The multi-band echo planar imaging (MBEPI) technique 1,2 can reduce scanning time; however, the quality of the images produced is suboptimal because of the effects of incomplete slice separation 3. In this study, we quantitatively evaluated the quality of tractography images captured using MBEPI compared with those obtained without using MBEPI. We also demonstrated the potential weakness of classic Dice similarity coefficients (DSCs) and introduced a structural similarity (SSIM) index and map 4 as a new method for evaluating the quality of tractography images.

Materials and Methods

Twelve men participated in this study (average age, 28.25 ± 3.62 years). Diffusion MRI (dMRI) data were acquired with a SIEMENS MAGNETOM Avanto 1.5T B17 using a single-shot spin echo EPI sequence and following parameters: b-value, 3000 s/mm2; field of view, 24.5 × 24.5 cm2; acquisition matrix, 98 × 98; slice thickness, 2.8 mm; axial sections, 50; GRAPPA factor, 2; and average, 1. The following three methods were compared.

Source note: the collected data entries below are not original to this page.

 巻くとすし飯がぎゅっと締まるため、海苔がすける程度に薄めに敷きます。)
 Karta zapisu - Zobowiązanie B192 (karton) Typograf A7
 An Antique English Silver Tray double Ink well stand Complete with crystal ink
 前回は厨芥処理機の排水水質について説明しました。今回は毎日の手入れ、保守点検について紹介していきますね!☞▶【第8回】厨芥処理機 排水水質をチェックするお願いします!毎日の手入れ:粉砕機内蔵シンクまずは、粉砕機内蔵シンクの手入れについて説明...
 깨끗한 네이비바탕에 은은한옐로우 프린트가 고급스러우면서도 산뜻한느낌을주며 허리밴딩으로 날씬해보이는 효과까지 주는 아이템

Non-MBEPI method (gold standard): MPG, 64 axes and acquisition time, 518 s.

MBEPI method 1 (shortened scanning time): MPG, 64 axes; MB factor (MBf), 2; and acquisition time, 327 s.

MBEPI method 2 (an increased number of MPG directions): MPG, 104 axes; MBf, 2; and acquisition time, 507 s.

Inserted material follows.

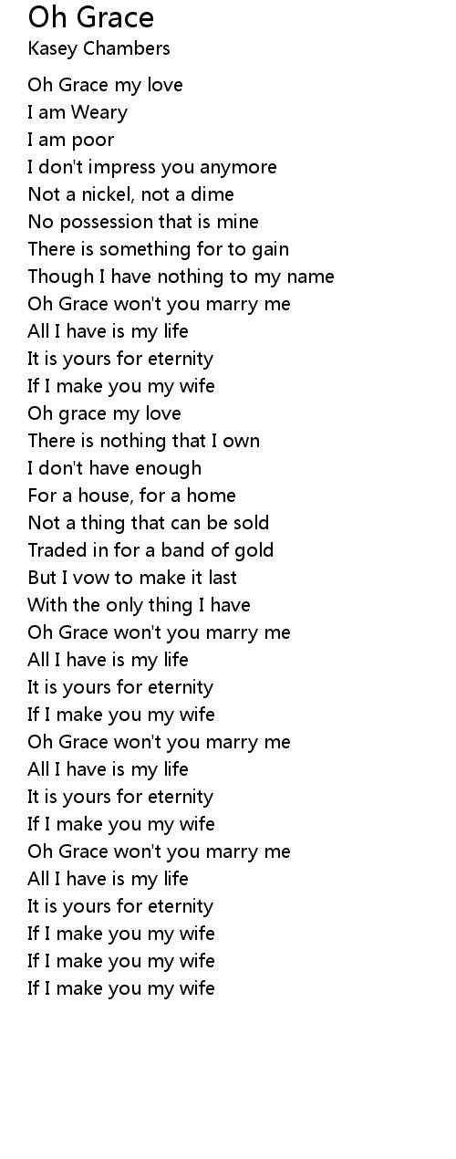 Oh Grace won't you marry me |

The MBEPI sequence version used was Release R011a for VB17A 5. After the distortion correction of dMRI data using eddy_correct in FSL, and Q-ball imaging (QBI) analysis and tractography were performed using Diffusion Toolkit 0.6 and TrackVis 0.5.1. The tractography of the bilateral pyramidal tract was reconstructed using the standard method; by placing the seed and target in the cerebral peduncle and motor cortex, respectively 6. The quality of the tractography images obtained using MBEPI methods 1 and 2 was evaluated using the non-MB method as the gold standard. The DSCs and SSIM index were used as quantitative measures of coincidence with the non-MBEPI method. A visual assessment (VA), a method similar to the gold standard was performed by a neuroradiologist and radiologic technologist with 10 years’ experience in neurosurgery MRI. The SSIM index is generally used to measure the similarity between two images or videos and has been widely applied in the evaluation of image compression 7, 8. The SSIM index can be considered a measure of the quality of one of the images under comparison, provided that the other image is of perfect quality. We performed McNemar's test using the VA and the DSCs or the SSIM index and calculated the coincidence rate (accuracy) between the VA and the DSCs or the SSIM index with SPSS v.20. Both the DSCs and SSIM index were used to generate an SSIM map by voxel-wise calculation using MATLAB codes.

Results

The DSCs for coincidence with the non-MBEPI method of the right/left pyramidal tracts obtained using MBEPI methods 1 and 2 were 0.614/0.618 and 0.609/0.647, respectively, of the DSC obtained using the non-MB method. The SSIM indices of MBEPI methods 1 and 2 were 0.936/0.942 and 0.935/0.947, respectively (Fig.1). McNemar’s test identified no significant differences between the VA and DSC (p = 0.143) or the VA and SSIM index (p = 0.267). The accuracies were 0.646 and 0.729 for the VA and DSC, and the VA and SSIM index, respectively (Fig.2). It was easy to visualize the similarity ratio using the SSIM map (Fig.3).

Discussion and Conclusion

The results of McNemar's test and coincidence rates showed that the SSIM index is more similar to the VA than the DSC. This result supports Wang’s suggestion 1 that the SSIM calculates a value almost equivalent to that selected by subjective judgment. We believe that a numerical evaluation is enabled by the SSIM index and that the SSIM map is advantageous in that it allows visual confirmation of the structural similarity ratio; in contrast, the DSC only offers a numerical evaluation. Therefore, this initial study demonstrates the utility of the SSIM index and map for the evaluation of the quality of tractography images; moreover, the success of the SSIM index and map may preface the development of new methods for the evaluation of tractography. Regarding MBEPI methods 1 and 2, there were no great differences between these methods of evaluation. However, it’s difficult to declare that the result with 64 axes MPG set is the gold standard for QBI tractography. Therefore, examinations with other conditions are required in future works.

Acknowledgements

I am deeply grateful to Yuji Komaki of Central Institute for Experimental Animals.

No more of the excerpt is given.